За гремучую доблесть грядущих веков… —
 
   Костя читал нам это, совмещая репетиционный процесс с миссионерством. Он же, помню, поразил меня простым сравнением пушкинской судьбы и судьбы Мандельштама. И ханжество советской пушкинистики, с ее инвективами царскому режиму, травившему поэта… и далеко заводящие обобщения… и холодок в груди от постепенно приходящего понимания, в какой стране живешь… – все это случилось со мной в те годы.

Конспиративное прощание

   Моя однокурсница по «Табакерке», Оля Топилина…
   Она играла Валентину в лирическом отрывке из рощинской пьесы, и многие студенты (да, думаю, и педагоги) хотели бы оказаться на месте ее партнера: Оля была очень хороша. Сейчас это называется сексапильность, – мы этого слова не знали, а просто обмирали оптом и в розницу.
   В восемнадцать лет наша обожаемая Топила вышла замуж за сына известного диссидента.
   Говорят, за любовь надо платить. За любовь с отпрыском еврейского отказника русская девочка из Реутова, сирота и красавица, заплатила без скидок. В конце семидесятых она получила отказ в прописке на жилплощади законного мужа с исчерпывающей формулировкой: «на основании действующего положения».
   Насчет «положения» советская власть попала в точку: Оля была на девятом месяце.
   Отказ в прописке был предпоследним «прости» от Родины. Последним – стала весточка из ОВИРа, ждавшая ее по возвращении из роддома. Советская власть извещала Олю и ее мужа о том, что им разрешено выехать, но сделать это надо немедленно.
   Им дали две недели, и они уехали – с семнадцатидневным ребенком, почти без вещей, без ничего.
   На Олькины проводы мы собирались конспиративно, инструктируя друг друга, что идем прощаться с однокурсницей, а про мужа-диссидента ничего не знаем: репетировали допрос…

Многостаночник Табаков

   От работы Олег Павлович отказываться не умел, и пересечение графиков остановить его не могло.
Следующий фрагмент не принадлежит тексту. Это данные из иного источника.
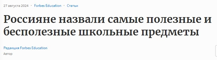 В преддверии 1 сентября - Дня знаний, в России провели большой опрос, связанный с предметами, изучаемыми в школе: какие предметы считают самыми полезными, самыми бесполезными, какие профессии видят наиболее перспективными и т.д. Опрос проводит ВЦИОМ - государственный центр исследований, который всегда показывает почти абсолютную поддержку президента и политических решений. Но результаты все равно получились довольно интересными. Респондентам предлагали назвать 5 самых полезных и самых бесполезных школьных дисциплин. Особенно интересно видеть, как менялись взгляды россиян в динамике: для сравнения приводятся данные аналогичных опросов за 2009 и 2019 годы, а в плане престижа профессий данные сравнили с прошлым годом. Во-первых, что сразу бросается в глаза, полезность абсолютно всех школьных предметов в глазах опрошенных заметно упала. Вот 5 самых полезных: Безусловными лидерами во все времена остаются математика и русский язык. Поддерживаю. Однако еще 5 лет назад за пользу математики в
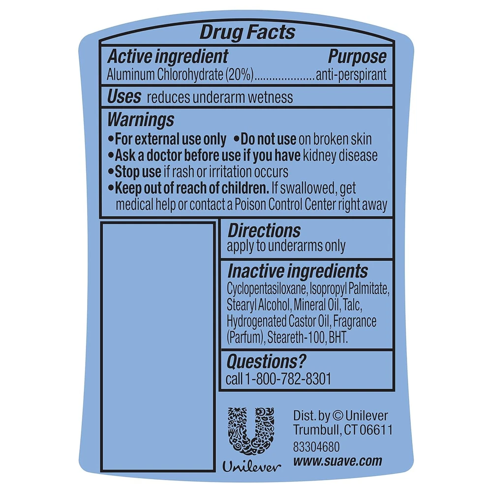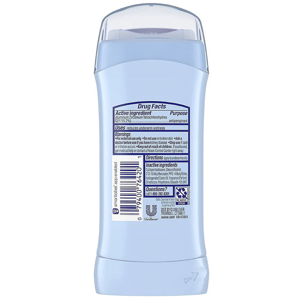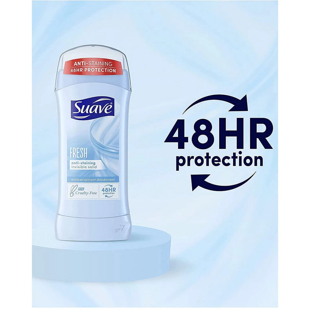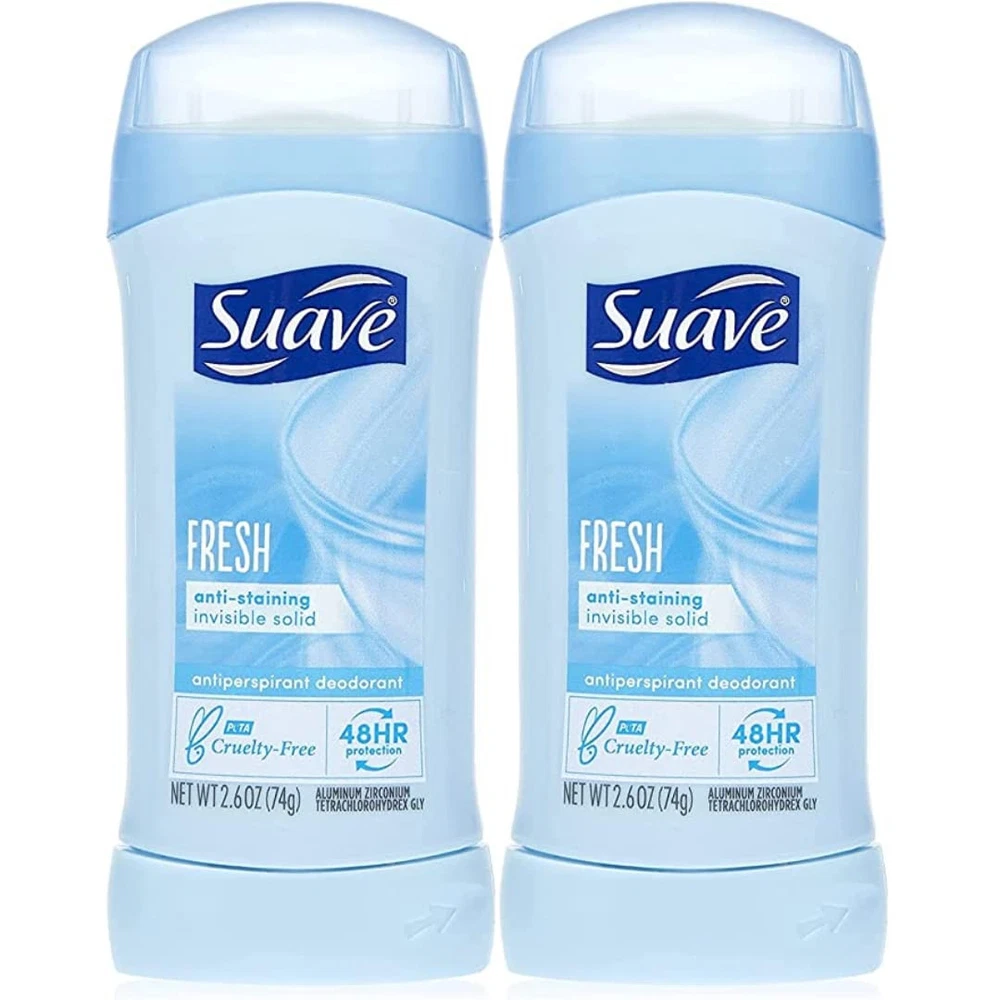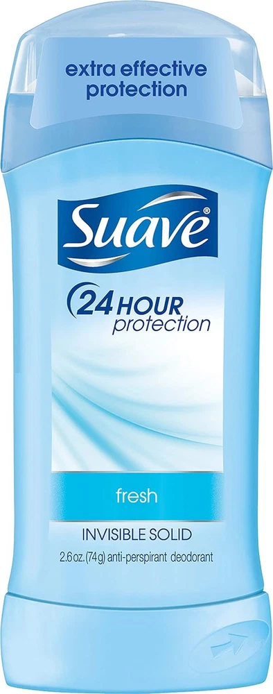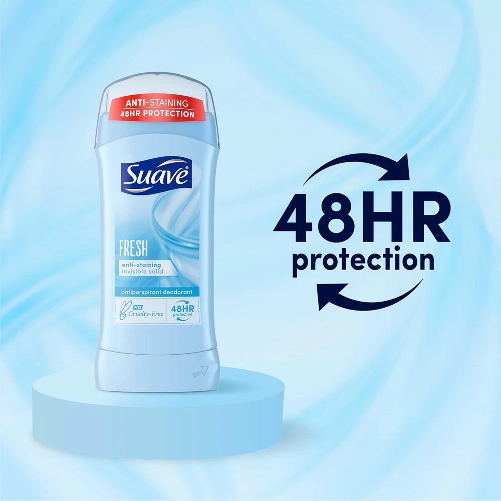 Product Description Suave 48-Hour Anti-Staining Antiperspirant & Deodorant Stick, Invisible Solid, Fresh, 2.6 Ounce (Pack Of 3) Suave's deodorant stick is perfect for active people, and will work to keep you dry and odorless all day. This deodorant for women will fight against sweat to prevent any unsightly sweat patches, and the fresh, pleasant scent in this women's deodorant will keep you smelling good. When you're looking for a strong deodorant, it's best to look for one that will provide a sweat block, at the same time as making you smell good. It's also important to find a product that won't stain your clothes or leave any residue on your skin. You can protect your clothes with this Suave deodorant, which is in a mess-free stick form that glides on and won't leave any residue or telling white marks on your clothes. The Suave Anti-Perspirant Deodorant works best when used with other products in the Suave range. Experiment with different deodorant scents, and try Sweet Pea and Violet or the Coconut Kiss option. SUAVE FRESH VALUE PACK: Stock up with the Suave antiperspirant deodorant, featuring our shower Fresh Anti-Staining Invisible Solid sticks. FRAGRANT DEODORANT: Each Suave Antiperspirant Deodorant stick is infused with a clean, fresh shower scent. 48H OF PROTECTION: When you need extra protection, Suave has you covered with these pleasantly fragrant invisible solid antiperspirant deodorant sticks. ANTI-STAINING FORMULAS: Suave deodorants are designed to stay on your skin and not your clothes. A solid invisible stick makes the perfect travel deodorant. SUAVE IS CRUELTY FREE: Globally, Suave does not test on animals and is Certified Cruelty-Free by PETA. Get long-lasting, 24-hour odor and wetness protection with Suave Invisible Solid Deodorant Suave Invisible Solid Antiperspirant Deodorant stays on skin, not on clothes, so you get effective underarm protection with no messy residue Suave Deodorant for women is recommended for everyday use Enjoy underarm odor protection with the refreshing, clean, shower fresh scent Suave Invisible Solid Antiperspirant Deodorant stick goes on clear so you feel clean and refreshed all day Proven to work as well as specialty brands, Suave Antiperspirant Deodorant is a great value Suave fresh invisible solid deo and antiperspirant stick is anti staining and protects for 48 hours This antiperspirant deodorant provides long lasting odor and wetness protection Suave’s deodorant for women has an anti staining formula stays on skin, not on clothes Suave fresh invisible solid antiperspirant protects with a clean, fresh shower scent This antiperspirant and deodorant stick goes on clear, so you feel clean and refreshed all day Suave deodorant for women is recommended for everyday use Ingredients Active Ingredient: Aluminum Zirconium Tetrachlorohydrex GLY (15.2%).Inactive ingredients: Cyclopentasiloxane, Isopropyl Palmitate, Stearyl Alcohol, Mineral Oil, Talc, Hydrogenated Castor Oil, Fragrance (Parfum), Steareth-100, BHT.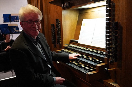 Wenn die Kirche am Sonntag­nach­mittag trotzdem sehr gut besucht ist, mag das am Vertrauen der Besucher in den Kantor Reinhold Richter liegen, der sie musika­lisch noch nie enttäuscht hat, auch wenn nicht immer nur der Kanon auf dem Programm­zettel auftaucht. Seit 1982 kümmert der studierte Kirchen­mu­siker und Organist sich als Kantor um die musika­li­schen Belange der Kirche. Heute hat Richter sich für das festliche Konzert für Orgel und Orchester Hilfe geholt. Ihm zur Seite steht – nicht zum ersten Mal – die Camerata Gladbach. 2014 wurde das Kammer­or­chester in offener Formation von Johanna Brinkmann und Tanja Chere­pashchuk gegründet, das sich zu großen Teilen aus Mitgliedern der Nieder­rhei­ni­schen Sinfo­niker zusammensetzt.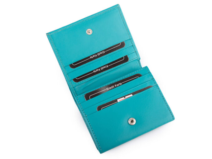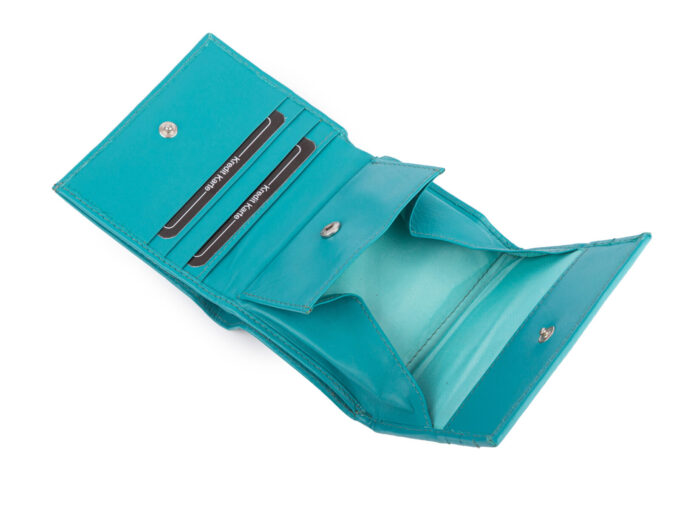 - Stylowy, kompaktowy, jasnoturkusowy portfel damski wykonany z wysokiej jakości miękkiej i przyjemnej w dotyku skóry naturalnej.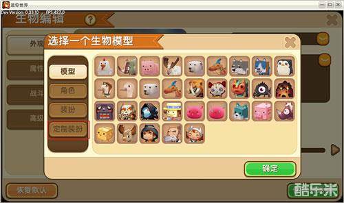 选择这个选项,就可以利用已有的自定义装扮来做一个新的生物模型: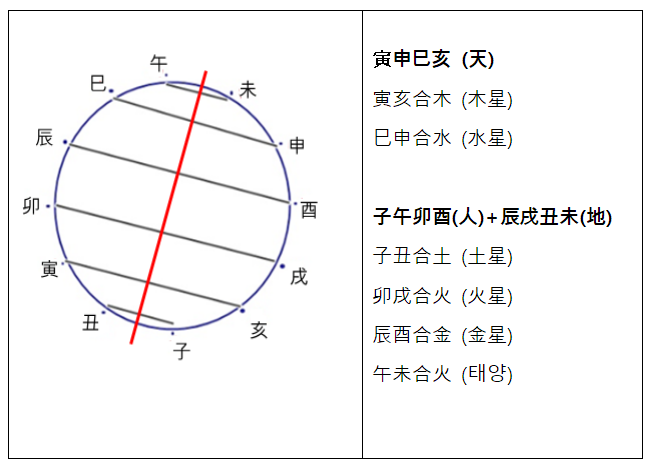 寅과 亥가 만나 합을 이루면 木氣가 생겨나므로 용출, 시작, 전진, 창조적 활동 등 봄에 만물이 생장하듯 새로운 일을 시작하는 기운이 된다.

Табаков играет в Праге, Табаков ставит в Хельсинки, Табаков преподает в Штатах, снимается у Михалкова, набирает курс, директорствует в «Современнике» – и все это одновременно!
   В спектакле «Балалайкин и Ко» он играл заглавную роль, но появляться на сцене должен был только во втором акте. «Современник» находился в минуте лихой табаковской езды от Дворца пионеров… Табаков, разумеется, совмещал – и однажды досовмещался!
   Сидим мы, стало быть, в переулке Стопани, Олег Павлович ведет занятие – этюд, разбор… Время от времени, не прерывая процесса, он набирает телефонный номер и тихо говорит в трубку:
   – Это Табаков. Какой там текст?
   Звонит он на вахту «Современника», и вахтерша повторяет ему то, что слышит из трансляции со сцены.
   – Еще этюд, – говорит нам Табаков. И увлекается разбором…
   Короче: в очередной раз Олег Павлович услышал из телефонной трубки нечто такое, отчего, не простившись, пулей вылетел в дверь. Если я не ошибаюсь, это была реплика на его выход.

Современная идиллия

   Одноименный спектакль этот, по Салтыкову-Щедрину, с самого начала был предприятием рискованным: слишком много совпадений с эпохой имперского застоя вдруг обнаружилось у эпохи развитого социализма…
   Но Георгий Товстоногов был опытный тактик и начал заранее обкладывать острые углы ватой.
   Писать инсценировку позвали – Сергея Михалкова! Собственно, никаких литературных усилий от гимнописца не требовалось (инсценировку театр сделал своими силами) – требовалось от Сергея Владимировича дать свое краснознаменное имя в качестве охранного листа, с последующим получением авторских.
   На это лауреат и подписался.
   Как оказалось впоследствии, несколько опрометчиво.
   На сдачу спектакля Михалков пришел, обвешанный наградами, – это было частью круговой обороны. Ко встрече с комиссией Товстоногов вообще подготовился основательно; над зеркалом сцены метровыми буквами было написано: «Без Салтыкова-Щедрина невозможно понять Россию второй половины ХIХ века. М. Горький».
   И, значит, никаких вопросов к современности!
   Но проверяющие были тертыми калачами и запах свободной мысли чуяли за версту. Вопросы у них возникли, и по ходу спектакля эти вопросы начали помаленьку переходить в ответы, если не в оргвыводы…
   Просмотр завершился, в полупустом зале зажгли свет.
   – Ну, – в напряженной тишине произнес наконец один из экзекуторов, – может быть, автор хочет что-нибудь сказать?
   И, за неимением в зале Салтыкова-Щедрина, все повернулись к Михалкову.
   Герой Социалистического труда, неожиданно для себя оказавшийся автором антисоветского произведения, сидел весь в орденах, но уже понимал, что звездочки могут и отвинтить…
   – Сергей Владимирович, – вкрадчиво повторило начальство, – какие у вас впечатления от спектакля?
   И Михалков сформулировал свои впечатления.
   – Д-да-а… – сказал он. – Такой п-пощечины царизм еще не п-получал!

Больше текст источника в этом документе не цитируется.